In the current study, researchers found that AR cooperates with the hepatitis B virus to trigger the expression of several oncogenes, resulting in normal liver cells transforming into cancer cells. Furthermore, they showed that liver tumors without the AR had fewer proliferating cancer cells, which helps to explain the gender disparity in the disease.
Some of the findings are in agreement with earlier studies by Chang’s lab on the role of AR in prostate cancer. Just as in prostate cancer, the liver tumor microenvironment is rich in various cell types, each of which has a distinct role in promoting the cancer.
“It will be interesting to see if targeting AR at different stages or in different liver cancer cell types may also lead to differential effects during the progression of cancer,” the paper concluded.
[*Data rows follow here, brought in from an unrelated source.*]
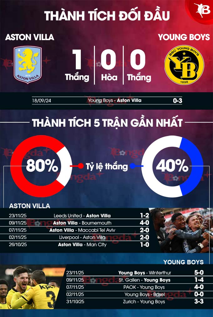 Rõ ràng Aston Villa được đánh giá cao hơn Young Boys ở cuộc đối đầu này. Với phong độ cao, sở hữu dàn cầu thủ chất lượng và cùng kinh nghiệm dẫn dắt của Unai Emery, nhiều khả năng Aston Villa sẽ giành chiến thắng để tiến gần hơn 1 suất vào thẳng vòng 16 đội.
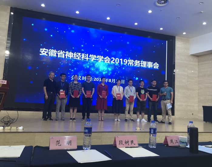 8月24-25日,我校神经科学团队师生一行27人在学科带头人郑超、安徽省神经科学学会副理事长汪萌芽的带领下,参加了在蚌埠市召开的安徽省神经科学学会第十一次学术年会。参会代表有kaiyun登录中国入口登录生理学和神经生物学教研室教师3人、研究生5人、“启明星”小组成员19人。其中“启明星”小组成员包括应用心理学、公管、法学、保险学、康复治疗学、临床医学、麻醉学、口腔医学等专业学生。
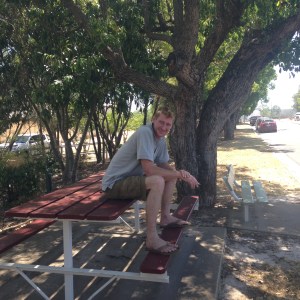 Anyway we ate barramundi and looked at Geoff’s photos and map of Australia, and his 14,575 km route he had taken for his amazing round-the-county adventure, that ended with a sweet love affair. Nice.
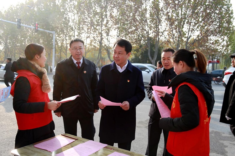 為深入學(xué)習(xí)貫徹黨的十九大和十九屆二中、三中、四中、五中全會精神,深入學(xué)習(xí)宣傳習(xí)近平法治思想,弘揚憲法精神、維護憲法權(quán)威,推動憲法全面實施。12月4日上午,由中共蘭考縣委、蘭考縣人民政府主辦,縣委宣傳部、縣委普法辦、縣法學(xué)會、縣司法和信訪局協(xié)辦的“蘭考縣12.4國家憲法日集中宣傳活動”啟動儀式在蘭考縣人民廣場舉行,縣政府副縣長、公安局局長王永召主持,縣政協(xié)、法院、檢察院等相關(guān)領(lǐng)導(dǎo)參加,縣委常委、政法委書記、縣法學(xué)會會長劉華文出席活動并講話。活動儀式結(jié)束后,縣委政法委副書記、法學(xué)會常務(wù)副會長孟凡征帶領(lǐng)相關(guān)工作人員現(xiàn)場開展憲法宣傳教育活動。
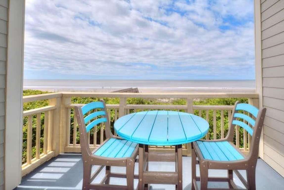 Oceanfront condo rental in Oak Island with two balconies for sunrise and sunset views, plus pool and playground access, WiFi, and private beach access for a practical place to stay near the golf course.
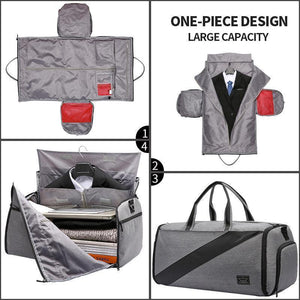 【Large Capacity with Multifunctional Bags】 The travel bag has a large main compartment for the bare essentials, a waterproof bag for some wet items like shampoo, wet towels or dirty clothes to keep you from getting clean. To separate an extra shoe compartment to keep your dirty shoes away from the rest of the garments. A side pocket for some small items.
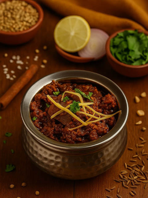 Naan bread filled with minced lamb with rich spices and baked in clay oven, served with curry.
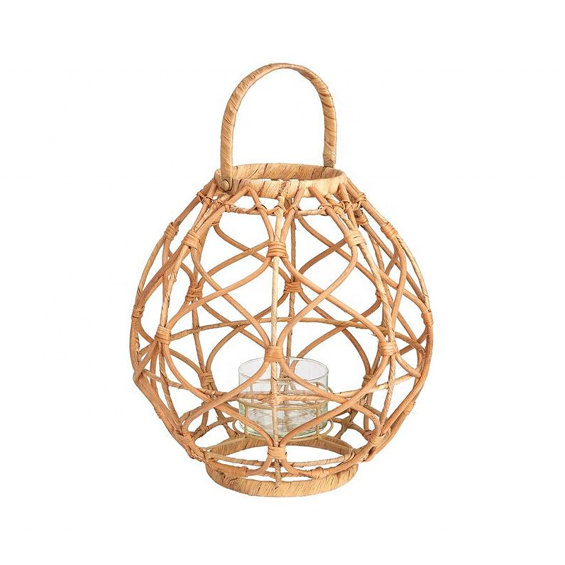 Wholesale Handmade Woven Wicker Cane Wiwin Jute Lantern Wooden Restaurant Hanging Candle for Christmas Home Decorative
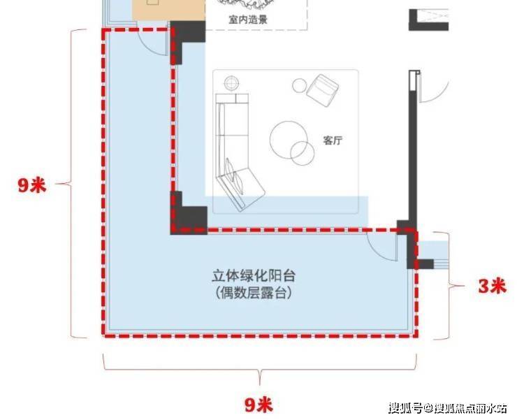 要知道,普通四代宅的露台进深仅有2.4米,增加0.6米将会极尽扩大露台面积
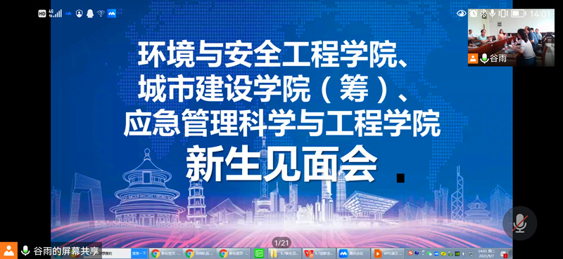9月7日下午,环境学院在明行楼3楼会议室召开2021级研究生新生网上见面会暨导师双选会。学院党委书记薛荣、院长张跃、江苏省技术转移(常州大学)研究院副院长姚娟、学院副院长王明新、副院长朱平华、副院长欧红香、研究生教务秘书葛秀坤、研究生辅导员王国宇、王永出席会议。
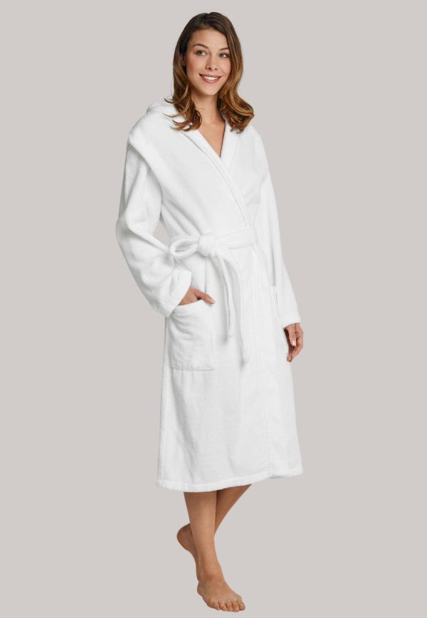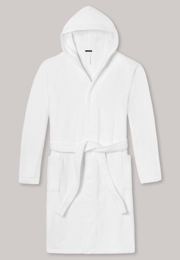 Kuschelige Basics mit Wohlfühlgarantie: Dieser weiße Damenbademantel verspricht herrlich gemütliche Stunden in bester SCHIESSER-Qualität! Große Taschen und die praktische Kapuze schenken dem Bademantel dabei eine Extra-Portion Behaglichkeit, die in weichem Frottee besonders soft auf der Haut spürbar wird. Ideal für Damen, die nach dem Bad oder am Morgen am liebsten in bester, wohliger SCHIESSER-Qualität entspannen!
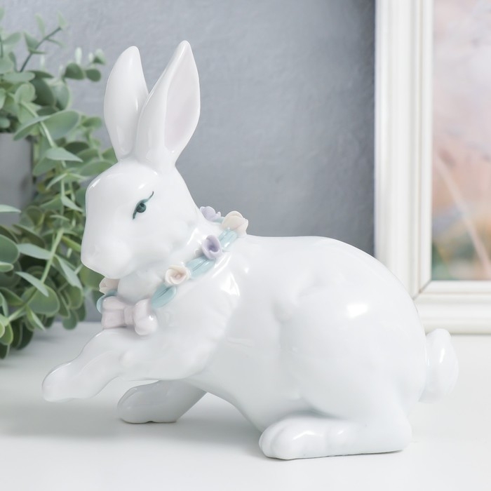 Сувенир керамика "Белая зайка с розовым бантом и розочками" 15х8х15 см
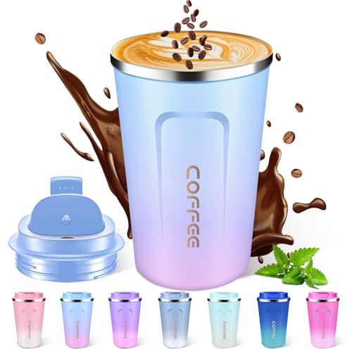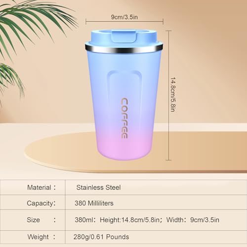 JTRYEMU - مج قهوة للسفر معزول قابل لإعادة الاستخدام مع غطاء مضاد للتسرب ومضاد للانسكاب كوب ترمس حراري مزدوج الجدار من الفولاذ المقاوم للصدأ للمشروبات الساخنة والباردة بسعة 380 مل من جتريمو
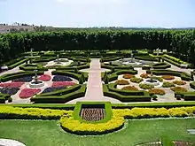 • Italian Grotto – The Italian Grotto features a statue of Saint Francis of Assisi and is lined with pink Wisterias, red Bougainvillea, lemon, orange and olive trees, lavender, and cascading geraniums and pelargoniums.[6]
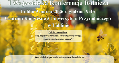 2026-02-25 Zaproszenie do udziału w Pierwszej Wojewódzkiej Konferencji Rolniczej Zapraszamy do udziału w Pierwszej Wojewódzkiej Konferencji Rolniczej „Rolnictwo Bez Ryzyka – Bezpieczne Stosowanie Środków Ochrony Roślin”, która odbędzie się 9 marca 2026 r. w Centrum Kongresowe Uniwersytetu Przyrodniczego w Lublinie. Wydarzenie organizowane jest wspólnie przez Kasę Rolniczego Ubezpieczenia Społecznego, Uniwersytet Przyrodniczy w Lublinie oraz Polskie Stowarzyszenie Ochrony Roślin. Konferencja skierowana jest nie tylko do młodzieży kształcącej się w zawodach rolniczych, ale również do rolników, producentów rolnych oraz wszystkich osób zainteresowanych tematyką bezpiecznego i odpowiedzialnego stosowania środków ochrony roślin. Jej celem jest upowszechnianie wiedzy w zakresie ochrony zdrowia, środowiska oraz minimalizowania ryzyka wypadków i zagrożeń związanych z pracą w gospodarstwie rolnym. W programie wydarzenia przewidziano m.in.: – panel ekspertów z udziałem przedstawicieli świata nauki i instytucji rolniczych, – wykłady dotyczące bezpiecznego zakupu i stosowania środków ochrony roślin, – zagadnienia związane z ochroną pszczół i środowiska, – szkolenie z zakresu prawidłowego postępowania z opakowaniami po środkach ochrony roślin oraz innymi substancjami niebezpiecznymi. Szkolenie prowadzone przez Polskie Stowarzyszenie Ochrony Roślin zakończy się wydaniem imiennych certyfikatów potwierdzających zdobytą wiedzę i kompetencje. Dodatkowo wśród uczestników konferencji zostanie przeprowadzone losowanie atrakcyjnych nagród, stanowiące element zachęcający do aktywnego udziału w wydarzeniu. Zwracam się z uprzejmą prośbą o wsparcie tej inicjatywy poprzez poinformowanie rolników z terenu Państwa gminy o organizowanym wydarzeniu oraz zachęcenie ich do udziału, m.in. za pośrednictwem strony internetowej urzędu, mediów społecznościowych, tablic ogłoszeń czy sołtysów. Udział w konferencji jest bezpłatny.
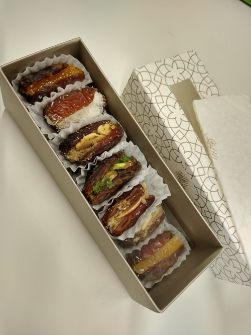 レバノンの老舗スイーツ店のアラスィーと言う会社のお菓子です。商品名はデーツ・ミックスとなっていて、デーツの中にビターオレンジピール、ピスタチオ、ウォールナッツ、ココナッツ、パインナッツなどが挟まれています。どれから食べようか悩ましい感じです。デーツって何だろうと調べたら、
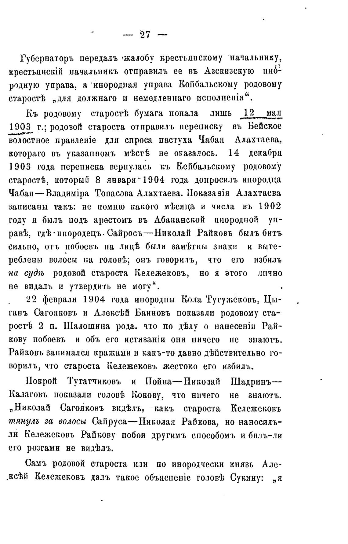 1903 г.; родовой староста отправилъ переписку въ Бейское
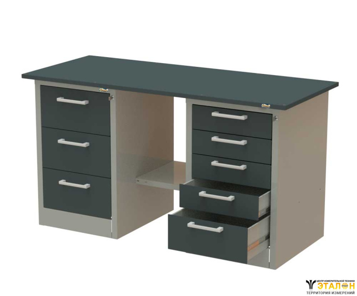 Верстак AKIP со столешницей типа 2, размеры 1500х630 мм с тумбой вариант D3 и тумбой вариант D5
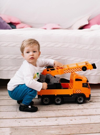 Це подарує хлопчикам масу задоволення та багато годин фантастичного задоволення. Транспортний засіб має підйомну, висувну та поворотну кранову стрілу. кран висувається до 70 см! Підйом і висування рукоятки і опускання гачка здійснюється за допомогою зручних ручок. Платформа з драбинами обертається на 360 градусів, борти автомобіля відкриті.
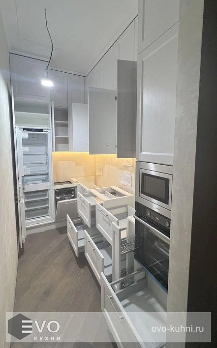 Кухни все изготавливаются по индивидуальному заказу. Мы подготовим дизайн-проект под любое помещение и конфигурацию. В зависимости от выбранных фасадов сможем изготовить нестандартные модули и размеры. Однако есть редкие исключения видов фасадов, по которым невозможны нестандарты, об этом вас предупредит дизайнер при выборе материалов для проекта.
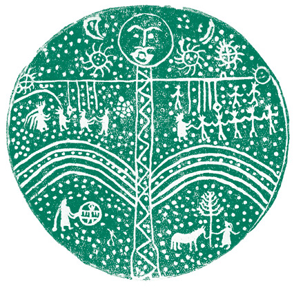 Ось мира в виде человека, рисунок на алтайском бубне.

The hepatitis B and C viruses account for approximately 80 percent of primary liver cancer cases worldwide. Newborn vaccines and screenings for HBV and HCV, particularly in Asian and African countries, have reduced the incidence of liver cancer in later years. Still, an estimated 560,000 new cases are diagnosed annually. In high-risk areas such as China, Japan and sub-Saharan Africa the male-to-female ratio of liver cancer can be as high as 8 to 1. The current best treatment is surgery; median survival is generally six months.
The National Institutes of Health and the George Whipple Professorship Endowment funded the research. Co-authors from the Whipple Lab and the URMC James P. Wilmot Cancer Center are: Ming-Heng Wu, Wen-Lung Ma, Cheng-Lung Hsu, Yuh-Ling Chen, Charlotte Kathryn Ryan and Shuyuan Yeh. Additional co-authors include Jing-Hsiung James Ou, of the Department of Molecular Microbiology and Immunology at the University of Southern California, Los Angeles; Yao-Ching Hung and Wen-Lung Ma, of the Sex Hormone Research Center at China Medical University/Hospital in Taiwan. Ming-Heng Wu is also associated with Cheng Gung University in Taiwan; and Cheng-Lung Hsu, with Chang Gong University in Taiwan.